Interlocking OU, Dodge Family College of Arts and Sciences, Department of Classics and Letters, The University of Oklahoma website wordmark.

Samuel J. Huskey

Professor of Classics and Letters

Email: huskey@ou.edu | Office: CARN 116 | Full CV (pdf)

Samuel J. Huskey

I have written articles and delivered papers on the poetry of Lucretius, Vergil, Tibullus, Ovid, and Lucan. My main interest in Latin poetry is the allusive technique of the poets of the Augustan age, particularly Ovid. Most of my publications concern Ovid's Tristia, but I have recently switched my focus to my other interests in textual criticism, palaeography, neo-Latin, and medieval Latin.
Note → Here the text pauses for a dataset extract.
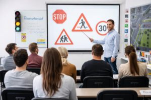 14 x 90 Minuten theoretischer Unterricht, davon 12 x 90 Minuten Grundstoff und 2 x 90 Minuten Klassenspezifischer Unterricht.

This combination of interests recently led to two publications on a 15th-century manuscript of Lucan's De bello civili. In one of them, I used digital image enhancement and manipulation to uncover the deleted text of the colophon. In the other, I published my transcription of portions of the manuscript's marginalia and scholia that had never before appeared in print. I am also collaborating with my colleague Jason Houston on a translation of Boccaccio's minor Latin works for Harvard University Press I Tatti Renaissance Library.

My major project is the Digital Latin Library, a collaborative effort of the Society for Classical Studies (formerly the American Philological Association), the Medieval Academy of America, and the Renaissance Society of America. The DLL was funded by the Andrew W. Mellon Foundation and hosted at OU.

I particularly enjoy teaching general education courses such as Classical Mythology, Greek Literature in English Translation, Latin Literature in English Translation, Ancient Drama, and Ancient Epic because it's fun to introduce students to the subject of Classical culture. I also cherish the time that I spend with my advanced Latin students discussing everything from grammar and syntax to rhetorical and literary technique. Every other year I get to teach the Latin prose composition course, which always culminates with the students writing their autobiographies in Latin.

I served as chair of the department from 2009 until 2019. I am also an academic advisor for Classics and Letters majors, and I serve on numerous committees at the college and university levels.

For several years I was the Webmaster and a member of the Executive Committee of the Classical Association of the Middle West and South, and I chaired the local committee when the University of Oklahoma hosted that organization in the spring of 2010. In 2011 I began serving as Information Architect for the Society for Classical Studies, and I am involved in several of that organization's committee by virtue of that position.